# Historical Sky Replacement



## pez (Oct 11, 2021)

Interesting discovery


----------



## Jeff15 (Oct 11, 2021)

I do occasionally relace the sky, sometimes it's very useful to be able thanks to clever software.....


----------



## Space Face (Oct 11, 2021)

I'm sure I've got software that does this but rarely use it.  I should really experiment more.


----------



## Lez325 (Oct 13, 2021)

Space Face said:


> I'm sure I've got software that does this but rarely use it.  I should really experiment more.


 Its in Photoshop 2021 buddy - excuse the mobile phone images 













Your'e welcome 


Les


----------



## Space Face (Oct 13, 2021)

Nah, that's not the one.  Don't have, won't have PS due to the subs.  I have PSE and an old (non updatable) copy of LR 5 but that's about it for me on Adobe.

Like I said I rarely use it but I'm sure it's Luminar. Well, it is Luminar.


----------



## Lez325 (Oct 13, 2021)

Space Face said:


> Nah, that's not the one.  Don't have, won't have PS due to the subs.  I have PSE and an old (non updatable) copy of LR 5 but that's about it for me on Adobe.
> 
> Like I said I rarely use it but I'm sure it's Luminar. Well, it is Luminar.

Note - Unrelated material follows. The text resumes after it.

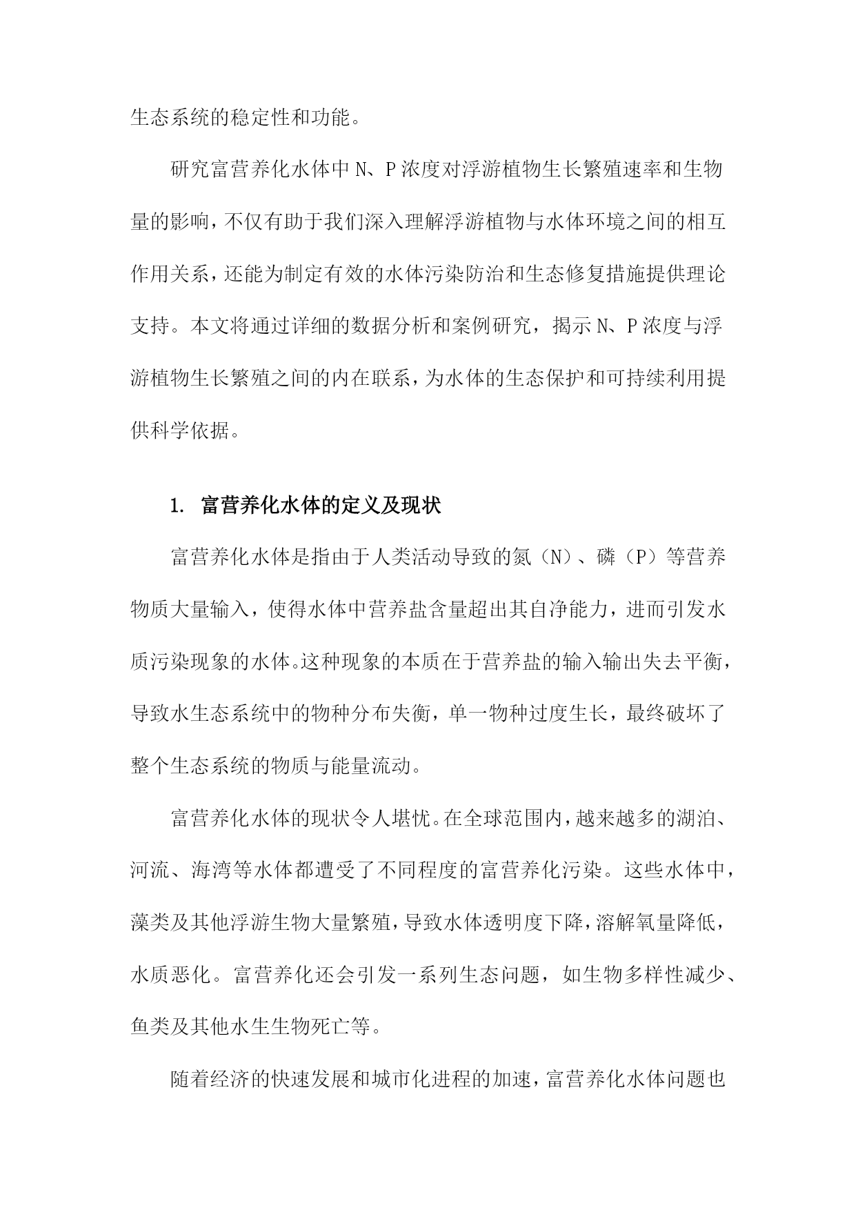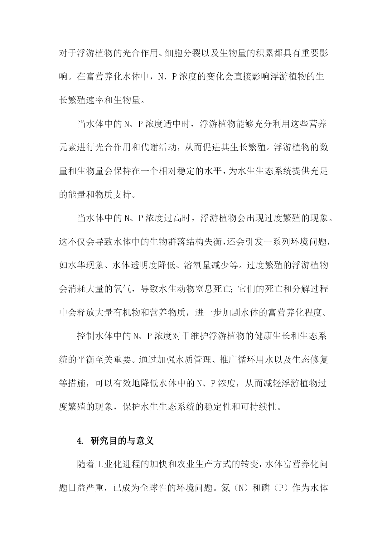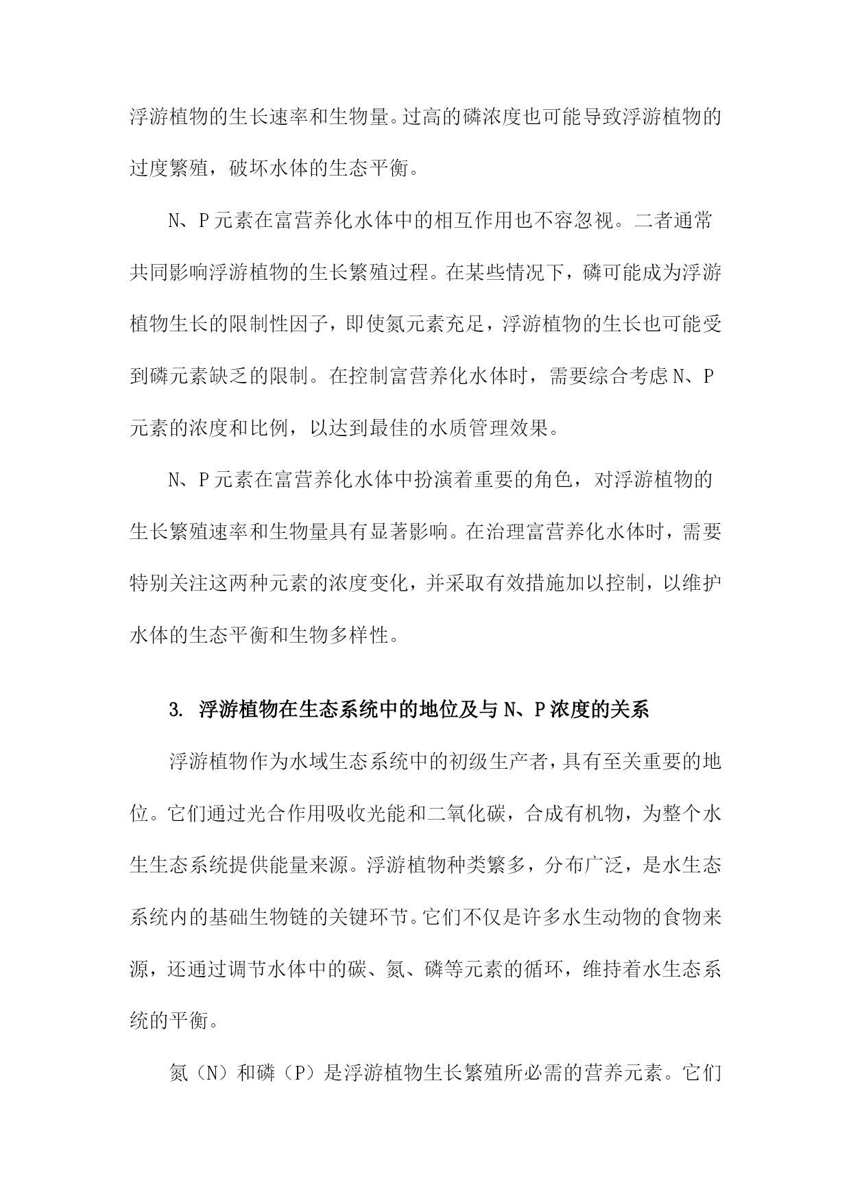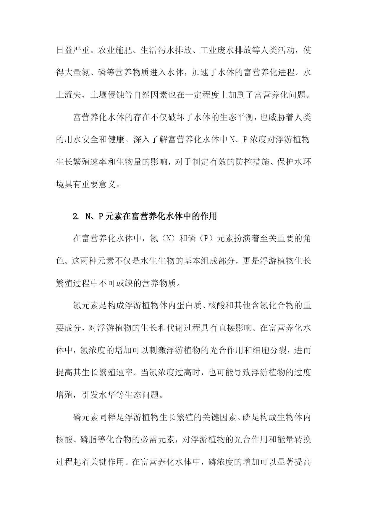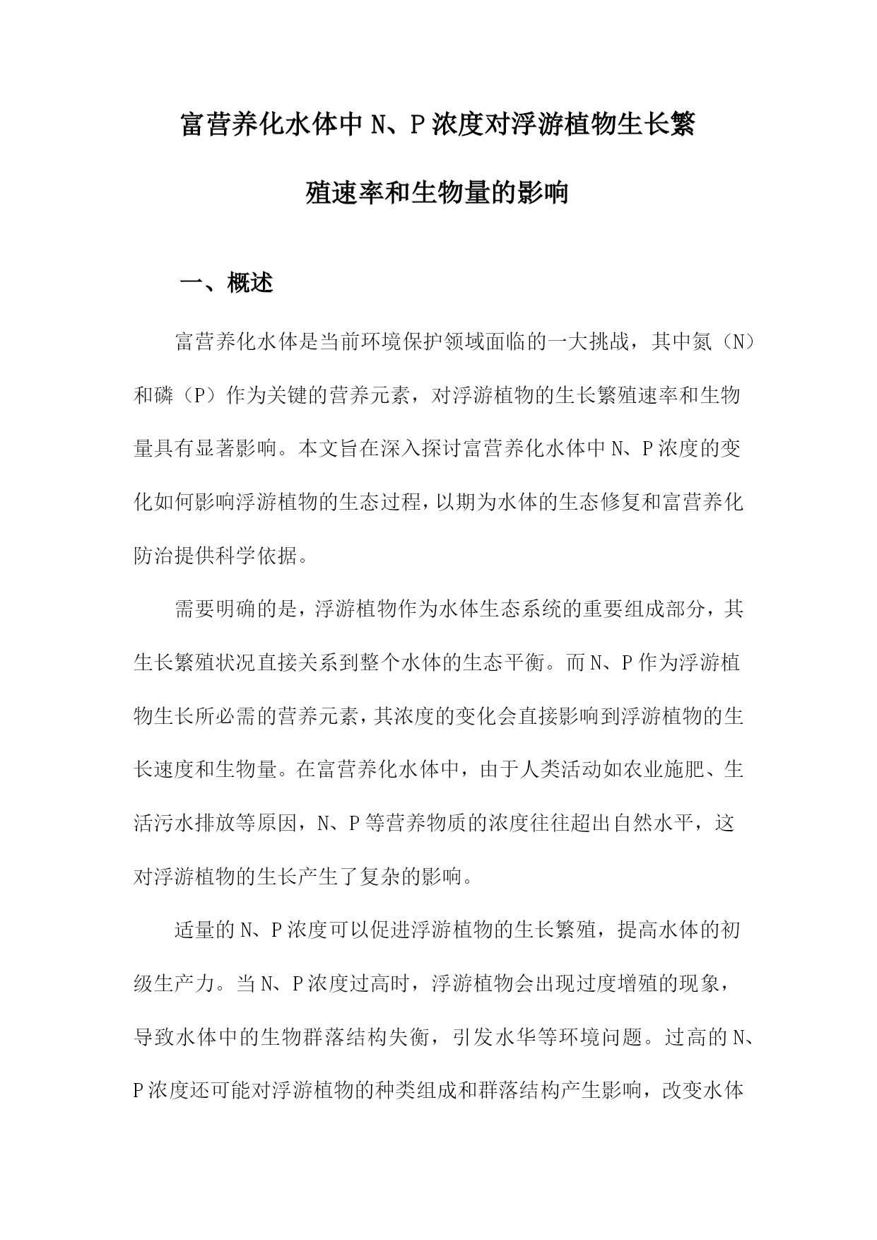 富营养化水体中N、P浓度对浮游植物生长繁殖速率和生物量的影响一、概述富营养化水体是当前环境保护领域面临的一大挑战,其中氮(N)和磷(P)作为关键的营养元素,对浮游植物的生长繁殖速率和生物量具有显著影响。本文旨在深入探讨富营养化水体中N、P浓度的变化如何影响浮游植物的生态过程,以期为水体的生态修复和富营养化防治提供科学依据。需要明确的是,浮游植物作为水体生态系统的重要组成部分,其生长繁殖状况直接关系到整个水体的生态平衡。而N、P作为浮游植物生长所必需的营养元素,其浓度的变化会直接影响到浮游植物的生长速度和生物量。在富营养化水体中,由于人类活动如农业施肥、生活污水排放等原因,N、P等营养物质的浓度往往超出自然水平,这对浮游植物的生长产生了复杂的影响。适量的N、P浓度可以促进浮游植物的生长繁殖,提高水体的初级生产力。当N、P浓度过高时,浮游植物会出现过度增殖的现象,导致水体中的生物群落结构失衡,引发水华等环境问题。过高的N、P浓度还可能对浮游植物的种类组成和群落结构产生影响,改变水体生态系统的稳定性和功能。研究富营养化水体中N、P浓度对浮游植物生长繁殖速率和生物量的影响,不仅有助于我们深入理解浮游植物与水体环境之间的相互作用关系,还能为制定有效的水体污染防治和生态修复措施提供理论支持。本文将通过详细的数据分析和案例研究,揭示N、P浓度与浮游植物生长繁殖之间的内在联系,为水体的生态保护和可持续利用提供科学依据。1.富营养化水体的定义及现状富营养化水体是指由于人类活动导致的氮(N)、磷(P)等营养物质大量输入,使得水体中营养盐含量超出其自净能力,进而引发水质污染现象的水体。这种现象的本质在于营养盐的输入输出失去平衡,导致水生态系统中的物种分布失衡,单一物种过度生长,最终破坏了整个生态系统的物质与能量流动。富营养化水体的现状令人堪忧。在全球范围内,越来越多的湖泊、河流、海湾等水体都遭受了不同程度的富营养化污染。这些水体中,藻类及其他浮游生物大量繁殖,导致水体透明度下降,溶解氧量降低,水质恶化。富营养化还会引发一系列生态问题,如生物多样性减少、鱼类及其他水生生物死亡等。随着经济的快速发展和城市化进程的加速,富营养化水体问题也日益严重。农业施肥、生活污水排放、工业废水排放等人类活动,使得大量氮、磷等营养物质进入水体,加速了水体的富营养化进程。水土流失、土壤侵蚀等自然因素也在一定程度上加剧了富营养化问题。富营养化水体的存在不仅破坏了水体的生态平衡,也威胁着人类的用水安全和健康。深入了解富营养化水体中N、P浓度对浮游植物生长繁殖速率和生物量的影响,对于制定有效的防控措施、保护水环境具有重要意义。2.N、P元素在富营养化水体中的作用在富营养化水体中,氮(N)和磷(P)元素扮演着至关重要的角色。这两种元素不仅是水生生物的基本组成部分,更是浮游植物生长繁殖过程中不可或缺的营养物质。氮元素是构成浮游植物体内蛋白质、核酸和其他含氮化合物的重要成分,对浮游植物的生长和代谢过程具有直接影响。在富营养化水体中,氮浓度的增加可以刺激浮游植物的光合作用和细胞分裂,进而提高其生长繁殖速率。当氮浓度过高时,也可能导致浮游植物的过度增殖,引发水华等生态问题。磷元素同样是浮游植物生长繁殖的关键因素。磷是构成生物体内核酸、磷脂等化合物的必需元素,对浮游植物的光合作用和能量转换过程起着关键作用。在富营养化水体中,磷浓度的增加可以显著提高浮游植物的生长速率和生物量。过高的磷浓度也可能导致浮游植物的过度繁殖,破坏水体的生态平衡。N、P元素在富营养化水体中的相互作用也不容忽视。二者通常共同影响浮游植物的生长繁殖过程。在某些情况下,磷可能成为浮游植物生长的限制性因子,即使氮元素充足,浮游植物的生长也可能受到磷元素缺乏的限制。在控制富营养化水体时,需要综合考虑N、P元素的浓度和比例,以达到最佳的水质管理效果。N、P元素在富营养化水体中扮演着重要的角色,对浮游植物的生长繁殖速率和生物量具有显著影响。在治理富营养化水体时,需要特别关注这两种元素的浓度变化,并采取有效措施加以控制,以维护水体的生态平衡和生物多样性。3.浮游植物在生态系统中的地位及与N、P浓度的关系浮游植物作为水域生态系统中的初级生产者,具有至关重要的地位。它们通过光合作用吸收光能和二氧化碳,合成有机物,为整个水生生态系统提供能量来源。浮游植物种类繁多,分布广泛,是水生态系统内的基础生物链的关键环节。它们不仅是许多水生动物的食物来源,还通过调节水体中的碳、氮、磷等元素的循环,维持着水生态系统的平衡。氮(N)和磷(P)是浮游植物生长繁殖所必需的营养元素。它们对于浮游植物的光合作用、细胞分裂以及生物量的积累都具有重要影响。在富营养化水体中,N、P浓度的变化会直接影响浮游植物的生长繁殖速率和生物量。当水体中的N、P浓度适中时,浮游植物

As I sell lots of images ( I also shoot Portraits, Weddings, Engagements and School Proms ) Photoshop 2021 subscription's are tax deductible for me - its a no brainer

Les


----------



## Space Face (Oct 13, 2021)

School Proms?   When did that sneak in (years ago I know)?  So Americanised.  What ever happened to the good old school disco?😂😂


----------



## Space Face (Oct 13, 2021)

Lez325 said:


> As I sell lots of images ( I also shoot Portraits, Weddings, Engagements and School Proms ) Photoshop 2021 subscription's are tax deductible for me - its a no brainer
> 
> Les


Yeah, I don't do paid stuff so the subs ain't for me.


----------



## Jeff15 (Oct 13, 2021)

I use Luminar 4........


----------



## Space Face (Oct 13, 2021)

That's the fella.


----------



## Lez325 (Oct 14, 2021)

Jeff15 said:


> I use Luminar 4........





Space Face said:


> That's the fella.


  I have heard of that- but having used Photoshop for so very many years, I feel I'd be lost using a different editing suite, It's like an old coat I don't want to throw away  I pay around £120 annually, so not a great cost to be honest.

School Disco's now all called School Proms - and very profitable for any Photographer I can tell you 

Les

here a quick edit using Photoshop 2012 Sky replacement filter- subject Hinkley Point Nuclear Power Station, Somerset

Just for fun- Just a total of  3 mins on all 3 edits - in no way meant to look professional, but is is good fun 

Original





EDIT




  Night sky edit


----------